Rudolph, Henriette MD; Schroten, Horst MD; Tenenbaum, Tobias MD

Pediatric Infectious Disease Journal: May 2016 - Volume 35 - Issue 5 - p 567–569
doi: 10.1097/INF.0000000000001090
ESPID Reports and Reviews

From the Pediatric Infectious Diseases, University Children’s Hospital Mannheim, Heidelberg University, Germany.

Accepted for publication February 5, 2016.

The authors have no funding or conflicts of interest to disclose.

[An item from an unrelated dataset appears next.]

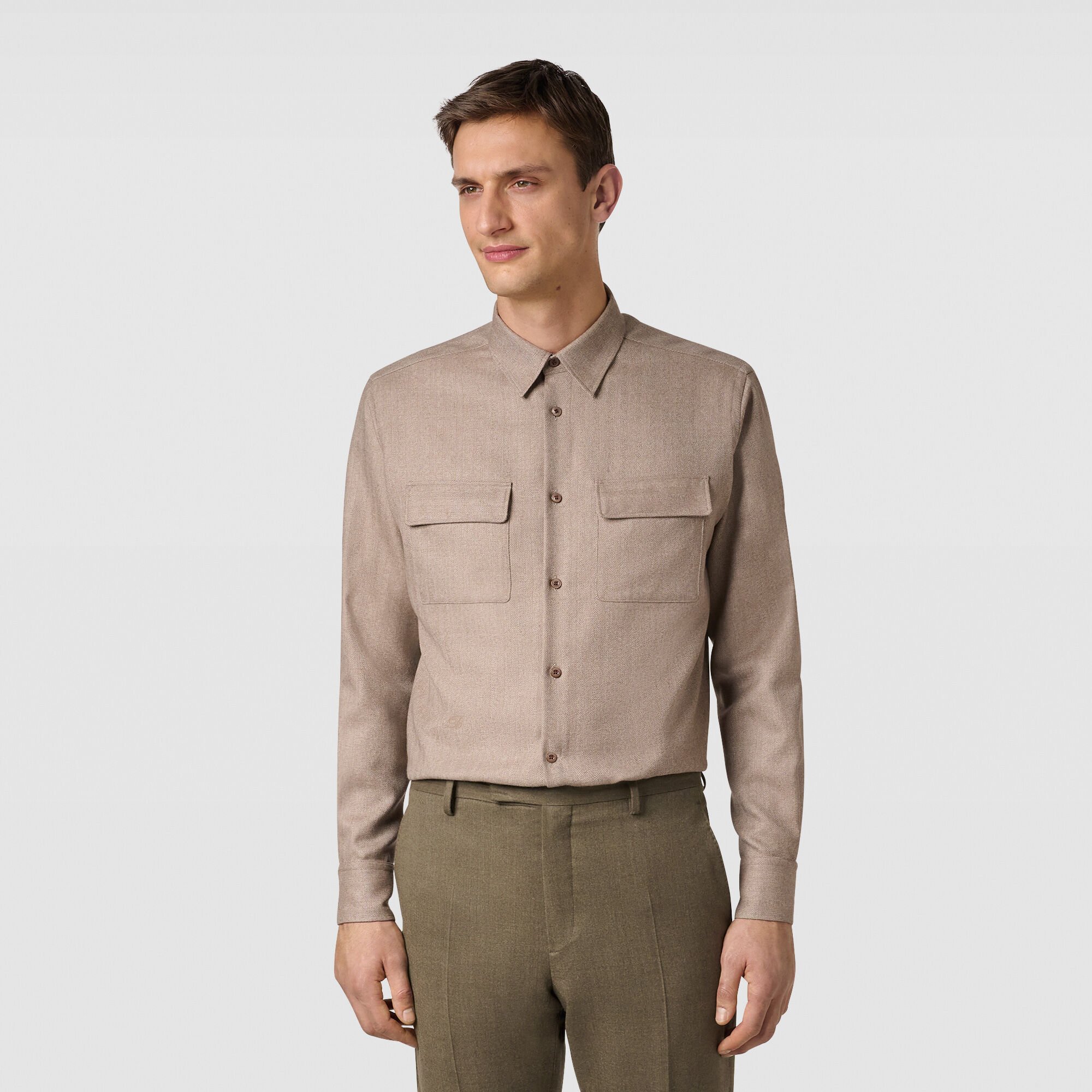Отличительными деталями рубашки являются классический воротник, золотистые пуговицы и две накладные нагрудные карманы с клапанами, придающие изделию нотку лаконичности и практичности. Длинные рукава с манжетами на пуговицах обеспечивают комфорт и завершенность образа.

Address for correspondence: Tobias Tenenbaum, MD, Pediatric Infectious Diseases, University Children`s Hospital Mannheim, Heidelberg University, Theodor-Kutzer-Ufer 1–3, 68167 Mannheim, Germany. E-mail:

With an estimated incidence in high-income countries of 12–19 cases per 100,000 population per year, viral meningitis is almost 3-fold more frequent than bacterial meningitis.1,2 Non-polio enteroviruses (NPEV) are the main cause of viral meningitis worldwide, and young age is an important epidemiological risk factor.1–3 Although the acute phase is often mild, NPEV infections can cause severe central nervous system (CNS) disease and result in fatal outcome. Transmission of enteroviruses (EVs) occurs mainly via the fecal-oral route and to a lesser extent by respiratory droplets.1 Therefore, enhancing hand hygiene can diminish viral spread. Although the peak seasonality occurs in summer and fall in temperate climates, enteroviral infections occur perennially in tropical and subtropical areas.1,3

Improved molecular typing and several EV surveillance programs (primarily geared toward the detection of poliovirus outbreaks) have led to higher detection rates of enteroviral infections worldwide. Currently, there are more than 100 serotypes of NPEV identified that are subdivided into 4 species (A to D).4 Since the 1970s, there have been a number of reports of NPEV outbreaks with human EV 71 (EV71) with sometimes fatal outcomes especially in eastern Europe and the Asia-Pacific region.5–7 The World Health Organization reports more than 2000 deaths of an estimated 6 million infections.7 There are large differences in the case fatality rate between the different outbreaks, which might be related to differences in the pathogenic effect on the CNS of different genogroups of EV71.5,6,8

In this review, typical CNS manifestations of EVs and recent outbreaks in children are summarized, and diagnostic tools and possible treatment and prevention strategies are presented.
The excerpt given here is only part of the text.